Un volet important de cette stratégie consiste à fournir des informations sur l'application de la législation en vigueur aux actifs numériques. À titre d'exemple, citons les directives réglementaires détaillées publiées par l'ASIC dans sa fiche d'information n° 225. Ce document apporte des précisions sur la manière dont les activités liées aux actifs numériques peuvent être incluses dans la defides produits et services financiers.
Les organismes de réglementation se concentrent sur les risques liés aux plateformes et aux investisseurs
Ces lignes directrices indiquent également comment les plateformes de cryptomonnaies sont réglementées, compte tenu des services qui les entourent, et soulignent que de nombreux risques pour les consommateurs liés aux cryptomonnaies sont inhérents aux intermédiaires, et non à la technologie elle-même.
Par exemple, il est courant que les plateformes de cryptomonnaies détiennent les actifs de leurs clients, gèrent des portefeuilles numériques et proposent des services tels que le prêt et la génération de revenus. Des risques liés à la conservation, à la gouvernance et à la stabilité opérationnelle peuvent en découler.
Il existe toujours un risque de perdre l'accès à ses fonds si la plateforme de cryptomonnaies gère mal les actifs ou cesse ses activités. C'est pourquoi les autorités de régulation s'intéressent tout particulièrement au fonctionnement des plateformes de cryptomonnaies et à leur conformité aux réglementations en vigueur.
L'Australie prévoit également de moderniser sa législation de manière similaire. Les législateurs ont proposé le projet de loi de 2025 modifiant la loi sur les sociétés (cadre relatif aux actifs numériques), qui complète la législation financière actuelle. Au lieu de modifier intégralement les lois existantes, ce projet introduit de nouvelles dispositions pour les plateformes d'actifs numériques et celles qui détiennent des jetons pour le compte des utilisateurs.
Concrètement, cela signifie que les entreprises fournissant des plateformes de négociation ou des services de conservation de titres pourraient être soumises à des exigences en matière de licences, de conduite et de protection des actifs similaires à celles applicables au reste du secteur financier. Toutefois, le cadre général de la réglementation australienne des services financiers resterait inchangé.
Bien que ce système soit encore en développement, les autorités de réglementation indiquent que certains problèmes restent à résoudre.

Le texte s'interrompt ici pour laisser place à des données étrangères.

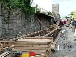 The station was closed effective January 8, 2021 due to deterioration.[27][28] On January 11, the MBTA reinstated funding for the project due to the closure.[29] The MBTA received a demolition permit on January 25.[30] Demolition of the ramps was completed in June 2021.[31][32] A $47.6 million construction contract was approved on October 27, 2021.[33] The 28-month construction phase began in December 2021.[34] Site preparation began in March 2022.[35] Demolition of the remaining platforms and ramps took place in May and June 2022. Some demolition and utility work lasted through the remainder of 2022.[36]

Par exemple, les réseaux d'actifs numériques peuvent fonctionner simultanément dans plusieurs pays, ce qui peut compliquer l'application de la réglementation.
Certains réseaux d'actifs numériques se prétendent décentralisés et sans opérateur. Dans ce cas, il est nécessaire d'examiner de près qui contrôle et tire réellement profit de ce système afin de déterminer où une réglementation s'impose.
Malgré les défis auxquels est confrontée la réglementation financière australienne, il apparaît clairement que son orientation s'inscrit dans une idéologie plus large selon laquelle cette réglementation peut évoluer progressivement en fonction des nouvelles technologies. Autrement dit, plutôt que de devoir modifier l'ensemble de la réglementation en vigueur à chaque création d'un nouveau système financier, il est préférable d'appliquer les principes existants aux nouveaux contextes.
Si ce processus continue à évoluer favorablement, il pourrait servir de modèle à d'autres juridictions qui cherchent encore à déterminer la meilleure voie à suivre pour réglementer les marchés des actifs numériques.
De nombreuses juridictions cherchent encore le meilleur équilibre entre innovation et contrôle. À cet égard, le modèle australien, en constante évolution, n'est qu'une approche possible pour intégrer les nouvelles technologies financières aux cadres réglementaires traditionnels.